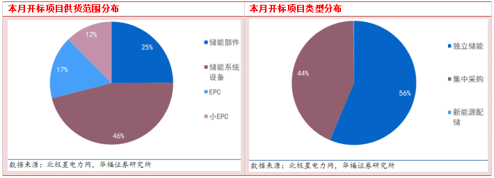 按项目类型划分,集中采购占据半壁江山。本月开标项目中,独立储能/新能源配储/集中采购项目个数分别为9/1/5个,容量占比分别为56%/0%/44%,本月新能源配储开标容量仅10MWh。储能采购呈现集中化、精细化的趋势,央企集采占据半壁江山,出现了电芯、PCS、BMS等部件单独采购的情况。
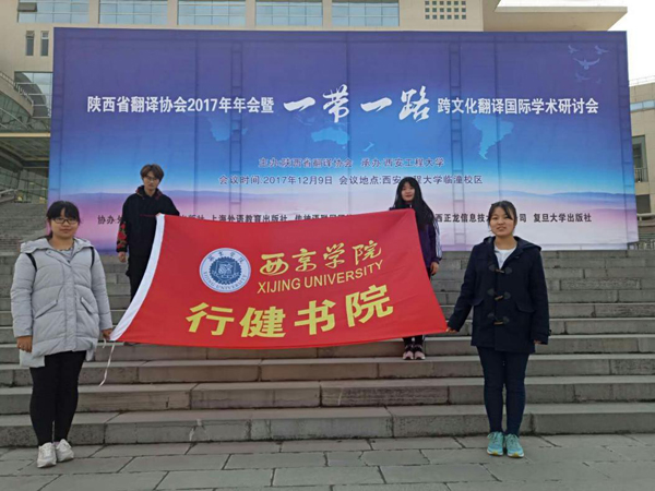 西京网讯:12月9日,陕西省翻译协会2017年年会暨“一带一路”跨文化翻译国际学术研讨会在西安工程大学临潼校区顺利召开。本次研讨会由陕西省翻译协会主办,西安工程大学、外语教学与研究出版社、上海外语教育出版社、清华大学出版社等单位承办,议题是讨论交流在“一带一路”背景下我国和世界跨文化翻译研究现状及中国文化走出去跨文化翻译的路径与原则,省内部分外语学院的师生代表参会,行健书院含笑班英语和汉语国际教育专业同学应邀参加此次研讨会。
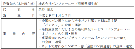 株式会社パンフォーユーに対する投資決定について
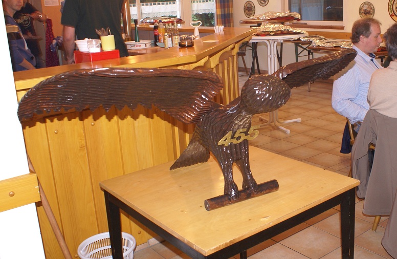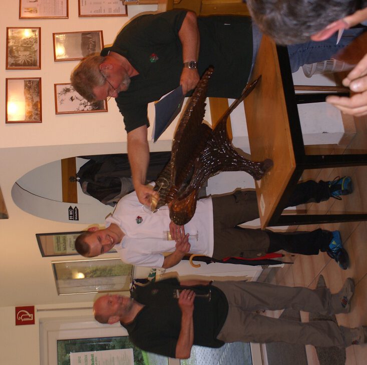 Es folgte das Highlight des Abends: Die Vogeltaufe! Ein prächtiger, in dunklem Braun gestalteter Greif aus Pappelholz stand in der Mitte des Raumes. Ausgestattet mit einer Spannweite von 142 cm, einem Rumpf von 92 cm und einem Gewicht von fast 12 kg blickte er herrschaftlich auf das Schützenvolk. Der 1. Vorsitzende, Reiner Schenk, näherte sich ihm vorsichtig und wurde von der Vogelbaukommission Felix Niehaus, Reiner Haffke und Gert Hevendehl begleitet. Nach einem biologischen Exkurs zur Namensfindung wurde das Geheimnis gelüftet: Unser diesjähriger Vogel erhält den Namen Sperber vom Remshagen. Mit dem obligatorischen Müllenbacher Schützenmarsch wurde die Sitzung geschlossen.

_Activity:_ Transcribe, exactly and without pictures, everything in the data from the line with "西京网讯:12月9日,陕西省" down to the line with "株式会社パンフォーユーに対する投資決定について", both included.

_Output below:_
 西京网讯:12月9日,陕西省翻译协会2017年年会暨“一带一路”跨文化翻译国际学术研讨会在西安工程大学临潼校区顺利召开。本次研讨会由陕西省翻译协会主办,西安工程大学、外语教学与研究出版社、上海外语教育出版社、清华大学出版社等单位承办,议题是讨论交流在“一带一路”背景下我国和世界跨文化翻译研究现状及中国文化走出去跨文化翻译的路径与原则,省内部分外语学院的师生代表参会,行健书院含笑班英语和汉语国际教育专业同学应邀参加此次研讨会。
 株式会社パンフォーユーに対する投資決定について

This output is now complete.